*Directions*
Return the listing below unchanged, minus its pictures.

*Collected material*

____

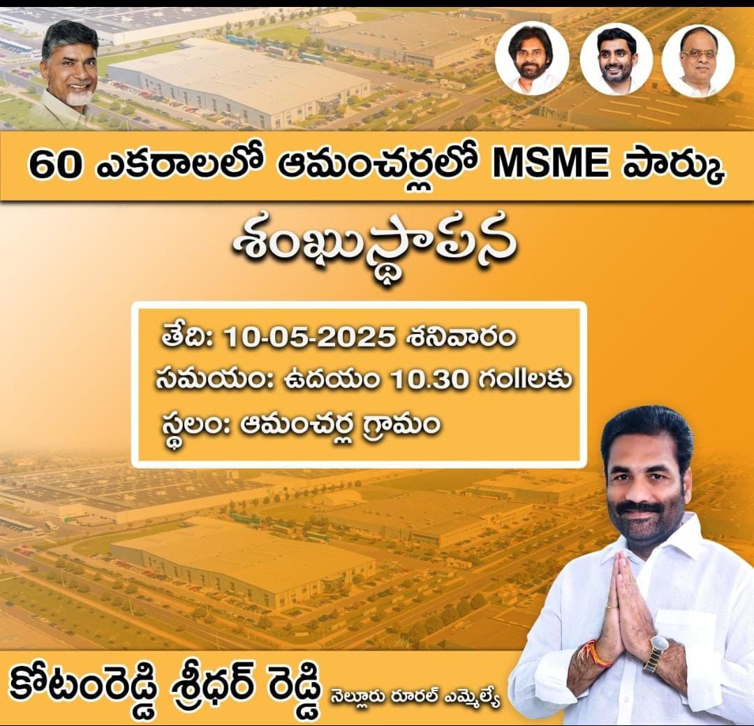 నెల్లూరు అభివృద్ధికి నూతన నాంది ఆమంచర్లలో 60 ఎకరాల్లో MSME పార్క్
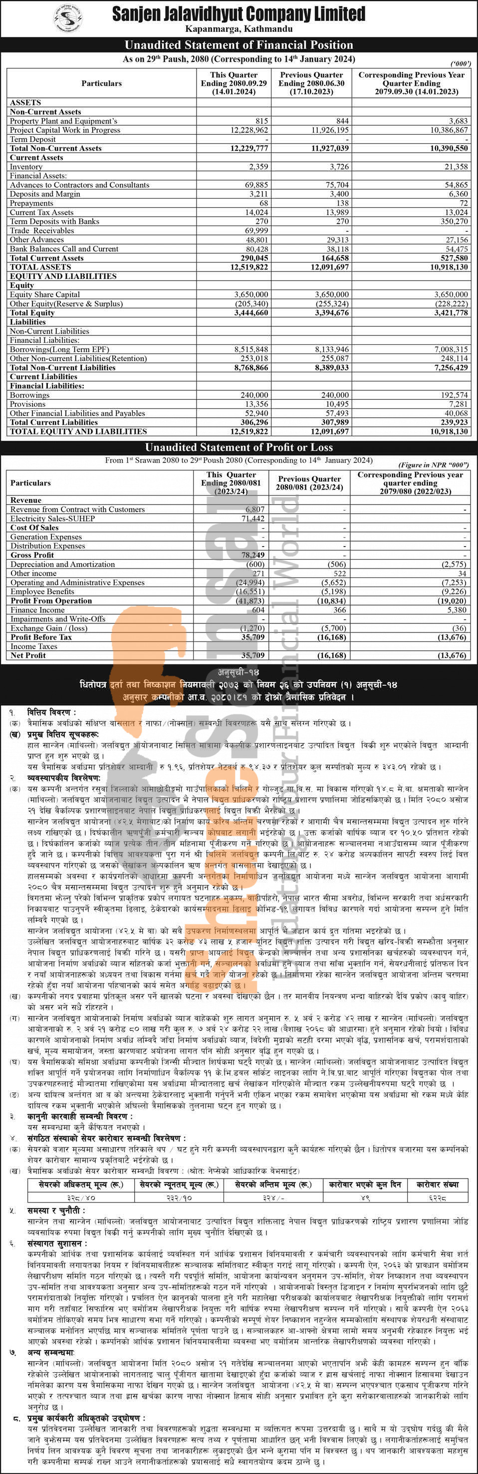 Sanjen Jalavidhyut Company Limited has posted a net profit of Rs 35.70 million and published its 2nd quarter company analysis of the fiscal year 2080/81.
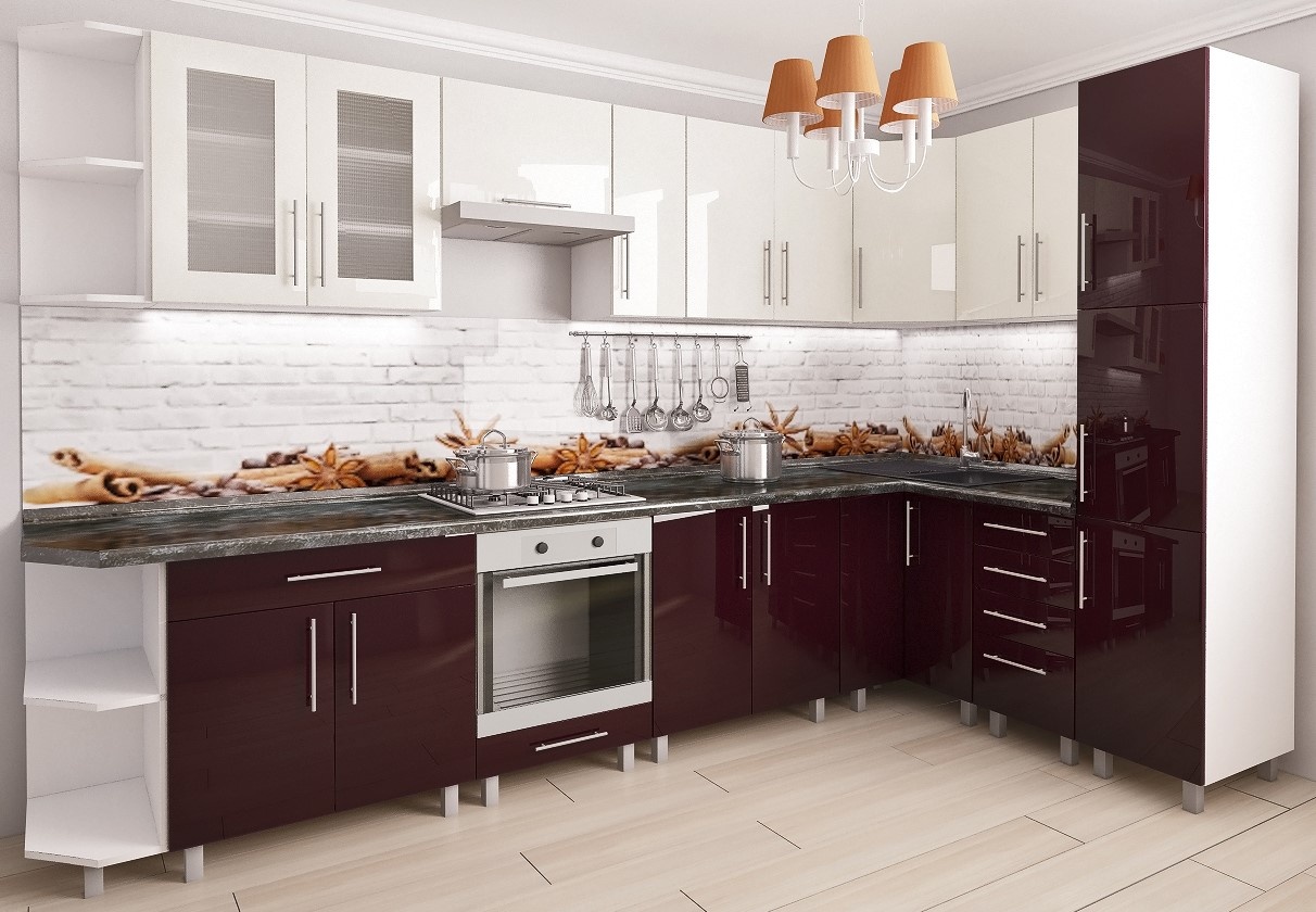 Кухонный гарнитур Bafimob Corner (High Gloss) 3.4x1.7m White/Bordo
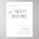 This beautifully designed 'The Night Before' welcome sign sets the tone for an unforgettable rehearsal dinner. Designed with a minimalist esthetic, it features exquisite calligraphy and bold typography that effortlessly captures the essence of your special moment. The simple yet striking design is perfect for couples who appreciate the beauty in subtlety. It serves as a sophisticated welcome to your guests, hinting at the beautiful journey that begins the next day. Ideal for creating an ambiance of refined romance, this sign is not just a piece of decor, but a cherished keepsake of the love and joy shared on the eve of your wedding.

____

*Result of the exercise*
 నెల్లూరు అభివృద్ధికి నూతన నాంది ఆమంచర్లలో 60 ఎకరాల్లో MSME పార్క్
 Sanjen Jalavidhyut Company Limited has posted a net profit of Rs 35.70 million and published its 2nd quarter company analysis of the fiscal year 2080/81.
 Кухонный гарнитур Bafimob Corner (High Gloss) 3.4x1.7m White/Bordo
 This beautifully designed 'The Night Before' welcome sign sets the tone for an unforgettable rehearsal dinner. Designed with a minimalist esthetic, it features exquisite calligraphy and bold typography that effortlessly captures the essence of your special moment. The simple yet striking design is perfect for couples who appreciate the beauty in subtlety. It serves as a sophisticated welcome to your guests, hinting at the beautiful journey that begins the next day. Ideal for creating an ambiance of refined romance, this sign is not just a piece of decor, but a cherished keepsake of the love and joy shared on the eve of your wedding.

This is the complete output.